HLAMatchmaker is a computer algorithm that determines human leukocyte antigen (HLA) compatibility at the level of polymorphic amino acid triplets in antibody-accessible sequence positions. Recent studies have shown that HLA-DR-matched kidney transplant recipients with zero to two triplet mismatches had almost identical graft survival rates as those with zero HLA-A,B,DR antigen mismatches. This report describes how HLAMatchmaker can be used to identify more compatible donors for highly sensitized patients.

METHODS:

The HLAMatchmaker program was used to calculate the probability of finding a donor (PFD) with zero, one, or two triplet mismatches for 54 highly sensitized patients waiting for a kidney transplant and having panel reactive antibody (PRA) values greater than 85% and 50 randomly selected nonsensitized patients with PRA values less than 3%.

RESULTS:

There was a wide variability for PFD values for the two patient cohorts. If only donors with zero HLA-A,B mismatches were deemed acceptable for recipients, the median PFD of a zero-antigen mismatch was 0.046% for nonsensitized patients and 0.009% for highly sensitized patients (P=0.007).

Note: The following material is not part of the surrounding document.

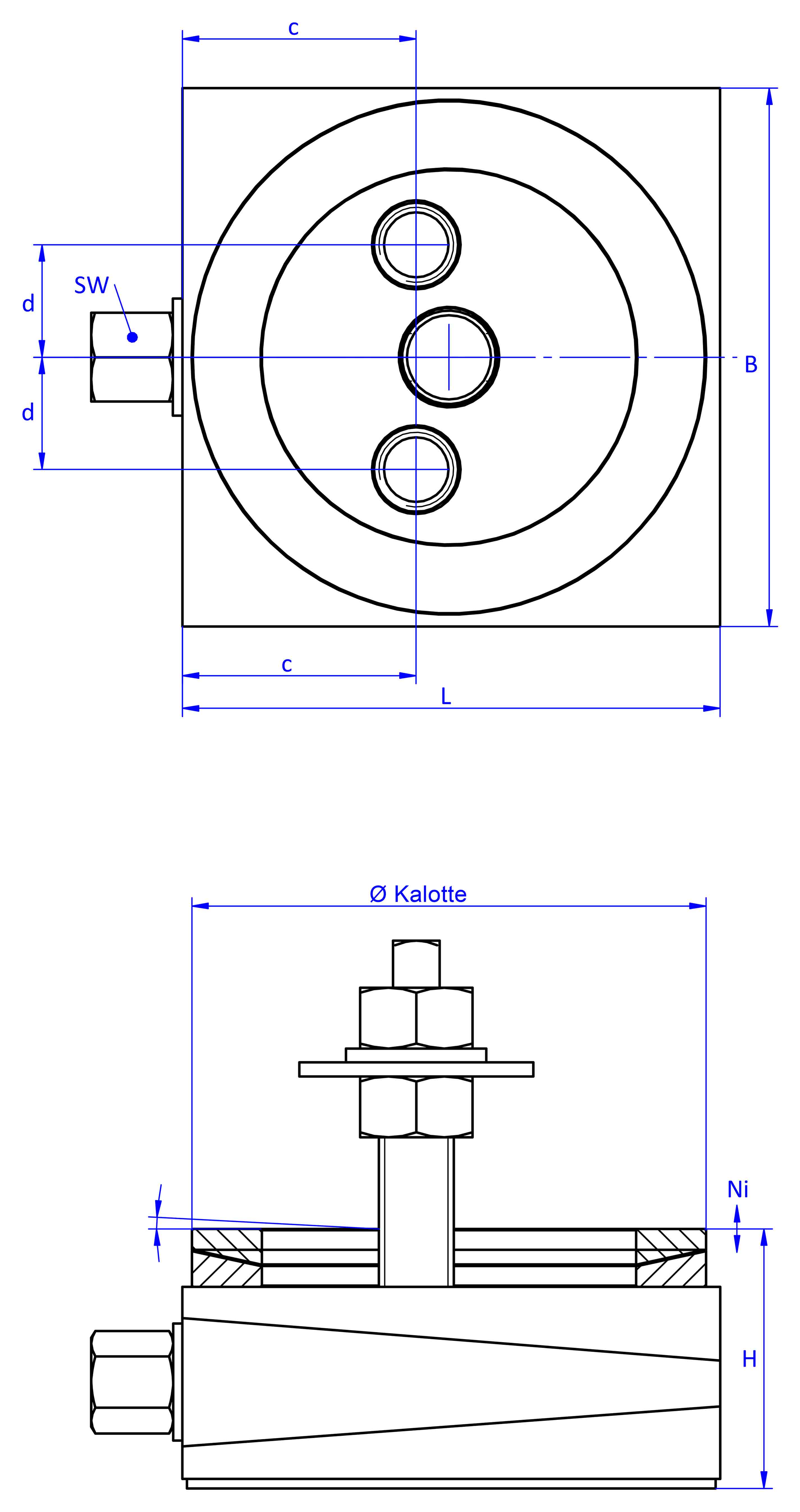 TypArtikelnummerBelastung (daN)L (mm)B (mm)H (mm)Ni (mm)SW (a/i)c (mm)d (mm)Gewinde (anschraubbar unten)Kalotte (Ø mm)Masse (Kg)

Half of the highly sensitized patients had a PFD below 0.01%, or fewer than 1 in 10,000 donors would have zero antigen mismatches. Application of HLAMatchmaker identified additional HLA antigens with zero-triplet mismatches for 27 patients, resulting in a 1.8-fold increase in PFD. Considering additional antigens with one-triplet or two-triplet mismatches increased the PFD by an additional 3.8-fold and 13.7-fold, respectively. Acceptable antigen mismatches for 37 of the 54 highly sensitized patients were identified by consistently negative reactions in serum screens, and their addition resulted in a 12.7-fold increase of the PFD to a median of 0.141%. Applying these acceptable antigens to the HLAMatchmaker algorithm identified additional antigens with zero or acceptable triplet mismatches and their inclusion increased the PFD by 3.3-fold to 0.347%.

CONCLUSIONS:

HLAMatchmaker offers a valuable strategy for identifying more suitably HLA-matched donors and has the potential for alleviating the problem of accumulation of highly sensitized patients on the transplant waiting list.